- [RECORDS TO PROCESS]
- - -

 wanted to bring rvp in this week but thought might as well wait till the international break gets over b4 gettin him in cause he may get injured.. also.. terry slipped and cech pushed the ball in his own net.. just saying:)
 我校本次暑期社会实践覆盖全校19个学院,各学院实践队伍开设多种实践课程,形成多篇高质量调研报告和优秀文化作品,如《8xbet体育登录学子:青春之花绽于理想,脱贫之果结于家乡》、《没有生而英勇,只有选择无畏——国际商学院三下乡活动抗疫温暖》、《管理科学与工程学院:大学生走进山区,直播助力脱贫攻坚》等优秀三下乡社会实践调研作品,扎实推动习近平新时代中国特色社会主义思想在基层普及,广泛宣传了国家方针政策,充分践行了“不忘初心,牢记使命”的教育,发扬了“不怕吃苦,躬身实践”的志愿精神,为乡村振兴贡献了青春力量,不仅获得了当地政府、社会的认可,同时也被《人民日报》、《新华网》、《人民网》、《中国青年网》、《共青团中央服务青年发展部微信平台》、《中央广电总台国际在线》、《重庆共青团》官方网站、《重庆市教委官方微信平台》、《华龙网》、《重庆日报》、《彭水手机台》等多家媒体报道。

- - -

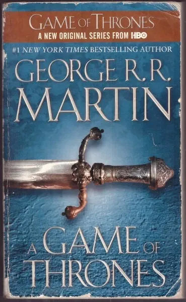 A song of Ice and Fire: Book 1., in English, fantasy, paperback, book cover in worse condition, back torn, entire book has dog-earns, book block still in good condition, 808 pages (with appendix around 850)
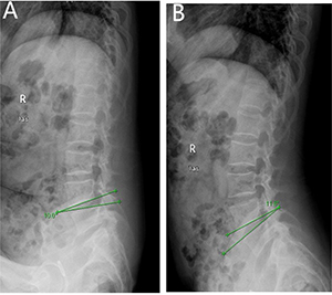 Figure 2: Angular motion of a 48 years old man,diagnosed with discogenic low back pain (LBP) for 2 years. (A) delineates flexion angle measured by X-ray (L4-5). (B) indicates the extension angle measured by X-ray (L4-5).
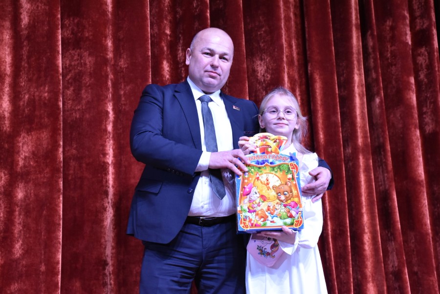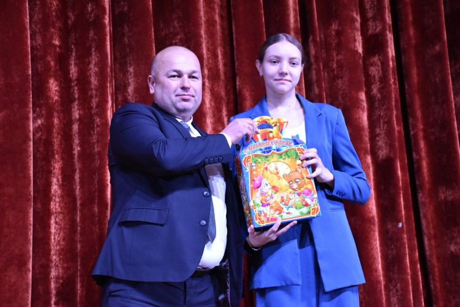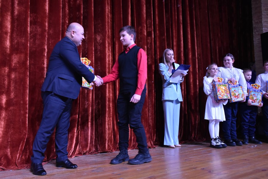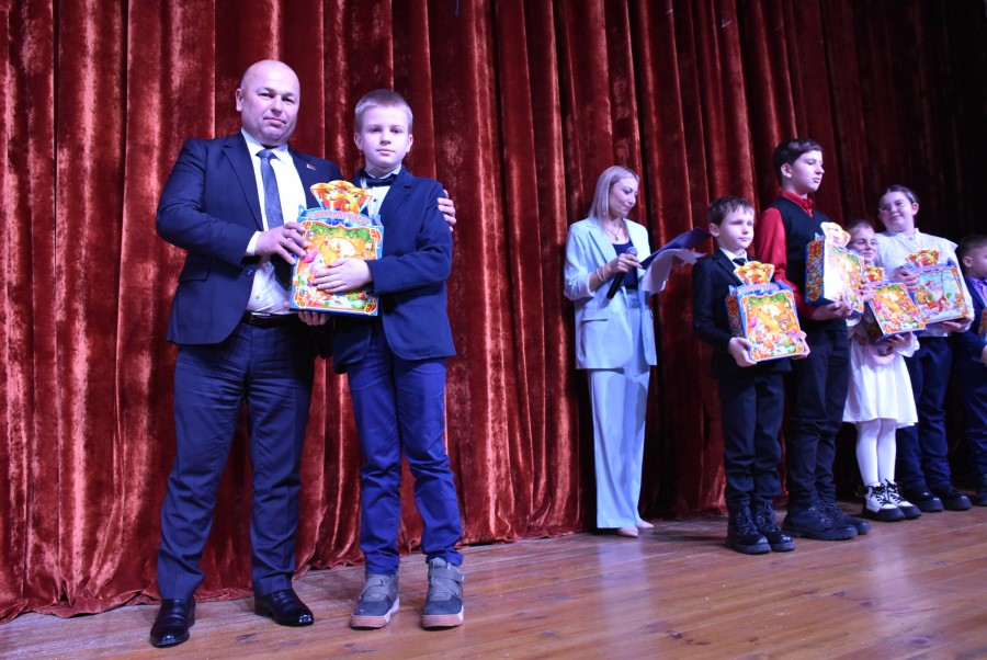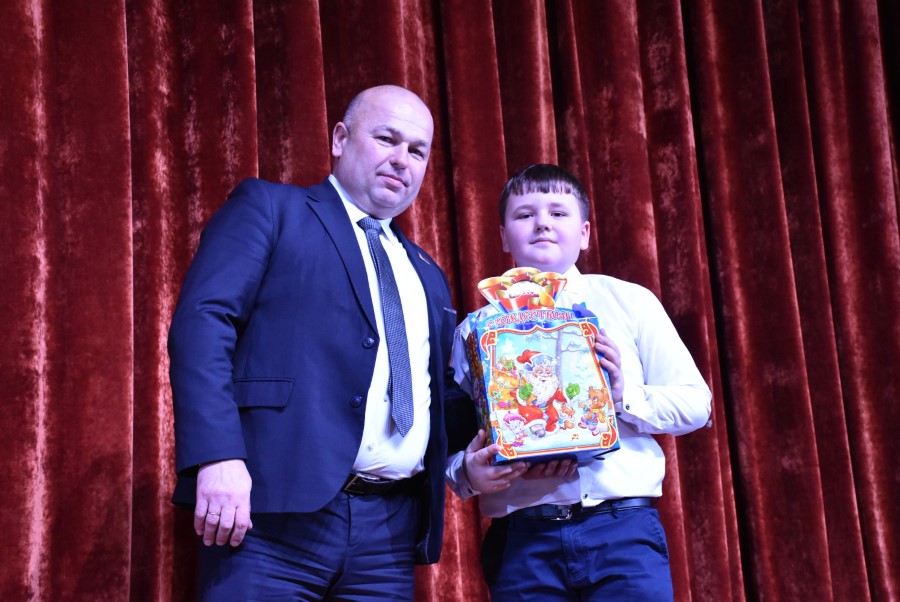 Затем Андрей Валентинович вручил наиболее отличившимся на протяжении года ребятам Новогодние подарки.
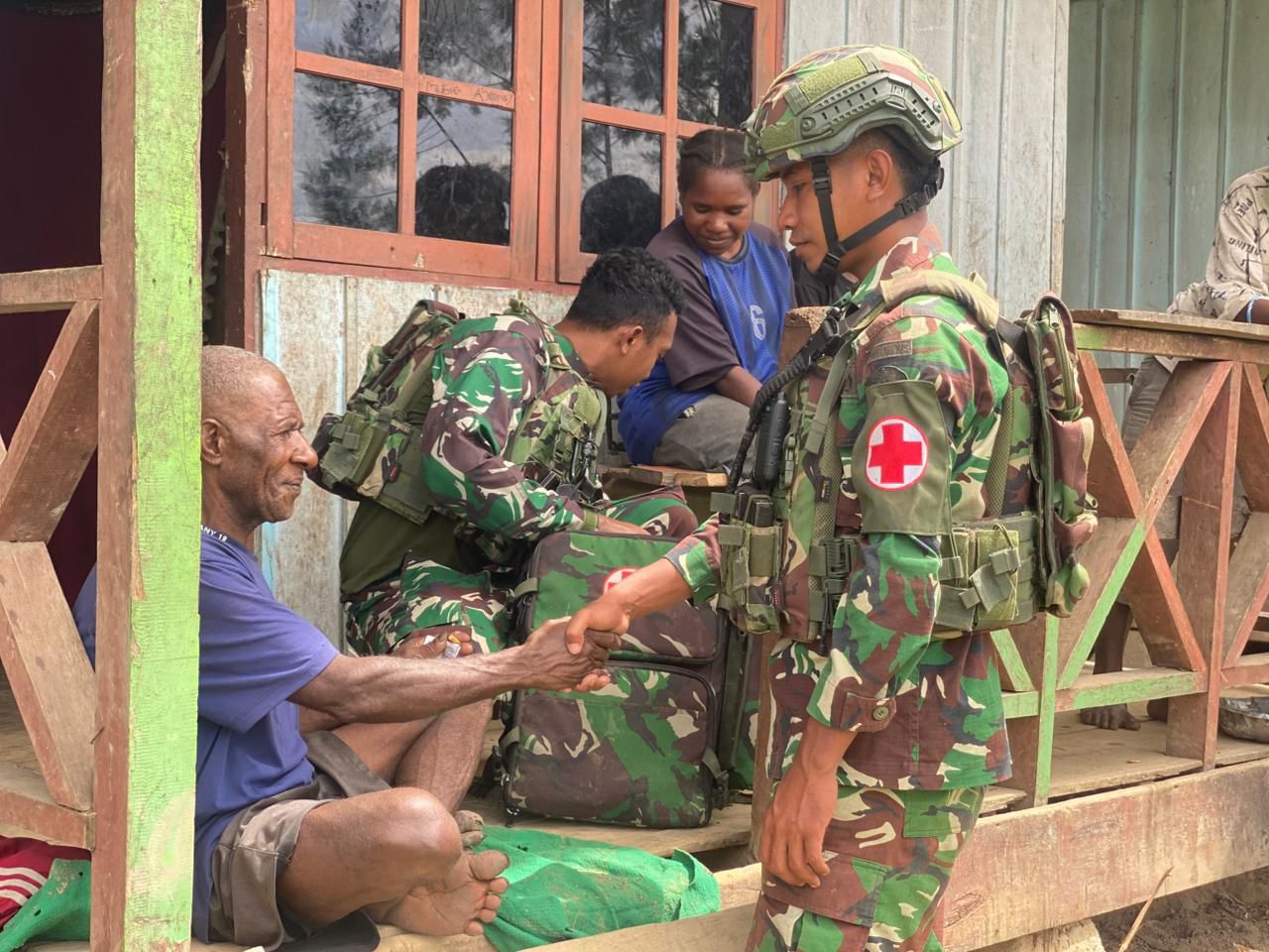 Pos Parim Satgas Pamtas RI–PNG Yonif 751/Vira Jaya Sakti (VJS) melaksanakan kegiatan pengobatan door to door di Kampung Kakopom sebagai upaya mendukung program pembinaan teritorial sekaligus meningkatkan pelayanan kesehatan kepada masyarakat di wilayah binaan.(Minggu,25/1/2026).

- - -

- [THE PROBLEM] Above are the records; copy exactly the lines from the line with "wanted to bring" through the line with "我校本次暑期社会实践覆盖全校", both included.

- [TASK OUTPUT]
 wanted to bring rvp in this week but thought might as well wait till the international break gets over b4 gettin him in cause he may get injured.. also.. terry slipped and cech pushed the ball in his own net.. just saying:)
 我校本次暑期社会实践覆盖全校19个学院,各学院实践队伍开设多种实践课程,形成多篇高质量调研报告和优秀文化作品,如《8xbet体育登录学子:青春之花绽于理想,脱贫之果结于家乡》、《没有生而英勇,只有选择无畏——国际商学院三下乡活动抗疫温暖》、《管理科学与工程学院:大学生走进山区,直播助力脱贫攻坚》等优秀三下乡社会实践调研作品,扎实推动习近平新时代中国特色社会主义思想在基层普及,广泛宣传了国家方针政策,充分践行了“不忘初心,牢记使命”的教育,发扬了“不怕吃苦,躬身实践”的志愿精神,为乡村振兴贡献了青春力量,不仅获得了当地政府、社会的认可,同时也被《人民日报》、《新华网》、《人民网》、《中国青年网》、《共青团中央服务青年发展部微信平台》、《中央广电总台国际在线》、《重庆共青团》官方网站、《重庆市教委官方微信平台》、《华龙网》、《重庆日报》、《彭水手机台》等多家媒体报道。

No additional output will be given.